この記事の要約
自毛植毛の費用相場は「部位・範囲」「株数」「術式」で大きく変わり、同じ薄毛でも総額に数十万円以上の差が出ることがあります。
自分の薄毛パターンに近いケース別相場と、見積もりに何が含まれているかを理解すれば、中長期の予算計画とクリニック比較がしやすくなります。
自毛植毛の費用相場を知ると「何がわかる」のか
自毛植毛は数十万〜数百万円と決して安くない治療ですが、「高そう」という印象だけでは、検討のしようがありません。費用相場を大まかに把握しておくと、予算計画やローン利用の判断、どのクリニックで相談するかといった具体的な一歩を踏み出しやすくなります。
また、広告に出ている「最低◯円〜」という金額と、実際の支払総額は一致しないこともよくあります。診察料・検査費・麻酔・術後薬・再診料など、見積もりにどこまで含まれるかを知っておけば、後から「思っていたより高かった」と感じにくくなります。

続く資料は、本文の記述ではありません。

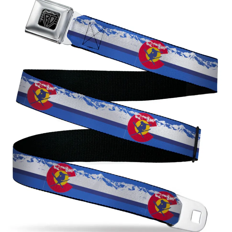 BD Wings Logo CLOSE-UP Black/Silver Seatbelt Belt – Colorado Skier4/Mountains Blues/White/Red/Yellow Webbing

この記事では、自毛植毛の費用相場を「部位・株数・術式」の3つの軸から整理しつつ、代表的な薄毛パターンごとの総額イメージをお伝えします。そのうえで、見積もり項目の見方や追加治療を含めた中長期の費用感まで、実際に検討するときに役立つポイントだけをコンパクトにまとめていきます。※1※2
代表的な薄毛パターン別:自毛植毛の総額イメージ
まずは、多くの人が気になる「自分と似た薄毛パターンだと、だいたいいくらかかるのか」という視点から見ていきます。ここでは、代表的な3パターンを例に、必要になりやすい株数と総額の幅をイメージとして押さえておきましょう。金額はクリニックや術式によって変わりますが、おおよそのレンジ感をつかむことが目的です。
パターン1:生え際のみ(M字・前髪の後退が気になるケース)
おでこの左右が後退してきた、いわゆるM字部分だけを埋めたいケースです。この場合、必要な株数はおよそ800〜1,800株程度に収まることが多く、総額イメージとしては80〜150万円前後におさまることが少なくありません。
生え際は見た目の印象に直結するため、限られた株数でも変化を実感しやすい部位です。一方で、密度を高くしたい・デザインにこだわりたい場合は、株数が増えたり、1株あたり単価の高い術式を選ぶケースもあり、同じ「生え際のみ」でも40〜50万円ほど差が出ることもあります。
パターン2:頭頂部のみ(つむじ周りが薄くなってきたケース)
つむじ周辺の広がりが気になる頭頂部中心の薄毛は、「面」でカバーする必要があるため、生え際のみのケースより必要株数が多い傾向にあります。目安としては1,200〜2,500株程度、総額にすると100〜200万円前後のレンジに入るケースが一般的です。
頭頂部は、既存の毛とのなじみ方や、生え方の向きも重要になります。既存毛がある程度残っている段階であれば、密度を補うイメージで株数をおさえられることもあり、費用も比較的コントロールしやすくなります。
パターン3:生え際+頭頂部が広めに薄いケース
生え際+頭頂部が広めに薄いケースでは、薄毛の範囲や希望する密度によって、3,000〜4,000株以上を提案される場合もあります。総額イメージとしては、少なくとも180〜300万円前後、術式やクリニックによってはそれ以上になる場合もあります。
一度に広範囲をカバーしようとすると費用負担が大きくなるため、予算に合わせて「まずは生え際を優先」「頭頂部は今回は控えめにして、将来の追加植毛で調整」といった段階的な計画を立てることもよく行われます。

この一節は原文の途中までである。